Que l’on ait vu le film ou pas, Le cuirassé Potemkine s'est installé dans l’imaginaire collectif par des images fortes et essentielles à l’histoire du cinéma. Reproduire celles-ci dans le langage de la bande dessinée relève moins du défi que de l’hommage.
Le Cuirassé Potemkine, pour ceux qui l’aurait oublié, est un symbole de la révolution russe de 1905. Elle est traitée de la plus fidèle des manières par cet auteur espagnol adepte des retranscriptions de classiques artistiques qu’ils soient picturaux, littéraires ou cinématographiques.
La mutinerie des matelots du cuirassé équivaut à une prise de conscience collective avec comme étincelle une injustice. De la nourriture abjecte est servie aux marins accompagnée d'un dédain pour ces derniers de la part des officiers qui les commandent. Une grève de la faim est décidée par les plus révoltés. Les sanctions disciplinaires ne tardent pas et le commandant du bateau annonce l’exécution des marins réfractaires. Leur salut advient de justesse grâce au troublant appel du marin Vakoulintchouk : « Camarades ! sur qui tirez-vous donc ? ».
La mutinerie des marins se transforme en une prise du pouvoir du cuirassé. Le bateau accoste à Odessa où il est accueilli en héros. La foule s'est ralliée aux rebelles mais cette liesse est stoppée par une fusillade qui s’enclenche sur les grands escaliers du haut desquels les cosaques au service du tsar se sont positionnés. Cette scène mémorable fut maintes fois reprise, notamment la course folle d’un berceau qui dévale seul les escaliers..

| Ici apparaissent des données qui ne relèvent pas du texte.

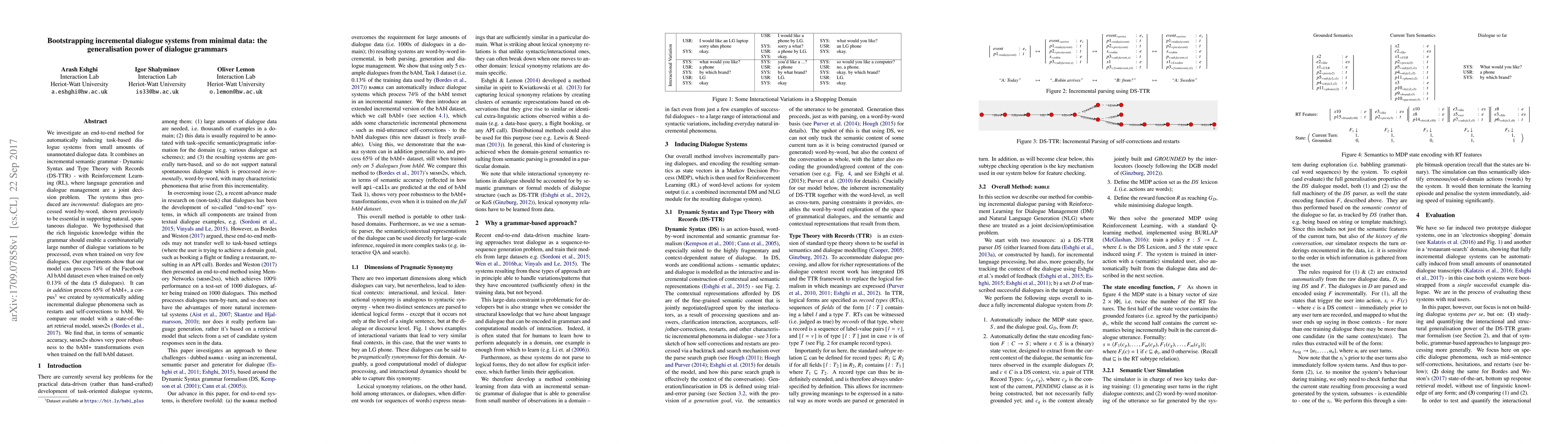 This paper proposes an end-to-end method for inducing task-based dialogue systems from minimal unannotated data using an incremental semantic grammar combined with Reinforcement Learning. The model demonstrates strong generalization, processing 74% of the bAbI dataset trained on just 0.13% of it, and 65% of the bAbI+ dataset, showing robustness to incremental dialogue phenomena.
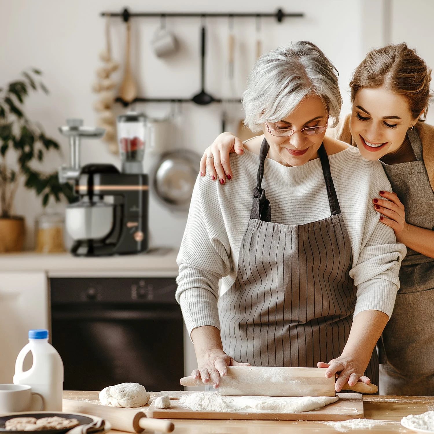 Die Klarstein Lucia Elegance 3-in-1 Küchenmaschine ist das Multitalent für die Küche: mit einer Rührmaschine zum Kneten, Vermengen oder Aufschlagen, einem Mixer zum Zerkleinern und Vermischen sowie einem Fleischwolf für frisches Hack, selbstgemachte Wurst oder leckere Pasta-Vielfalt. Mit 2000 Watt, 6 Geschwindigkeiten und dem bewährten planetarischen Rührsystem von Klarstein schafft sie spielend alle Herausforderungen der modernen Küche. Auch große Mengen sind kein Problem: dank der 5-Liter-Edelstahl-Rührschüssel und dem 1,5 Liter fassenden Mixerkrugs. Optisch kann sich die Küchenmaschine ebenfalls sehen lassen: Mit ihrem kompakten Design-Gehäuse macht die Klarstein Lucia Elegance Rührmaschine eine Top-Figur in deiner Küche.

L’œuvre d’Eisenstein retravaillée par Auladell est sans parole. Les commentaires inscrits accentuent la tension dramatique. Les corps, âpres et contrariés, les machines rudes et lourdes comme étaient les premiers bateaux de guerre provoquent toute l'intensité exceptionnelle de la lecture.
Nous savons l’importance du film dans l’histoire du cinéma, son adaptation dessinée ressemble à une expérience rêvée par l’auteur. Les images crayonnées nous (re)plongent dans l’univers filmique du cuirassé et s’avèrent pour le lecteur une réussite autant esthétique que scénaristique.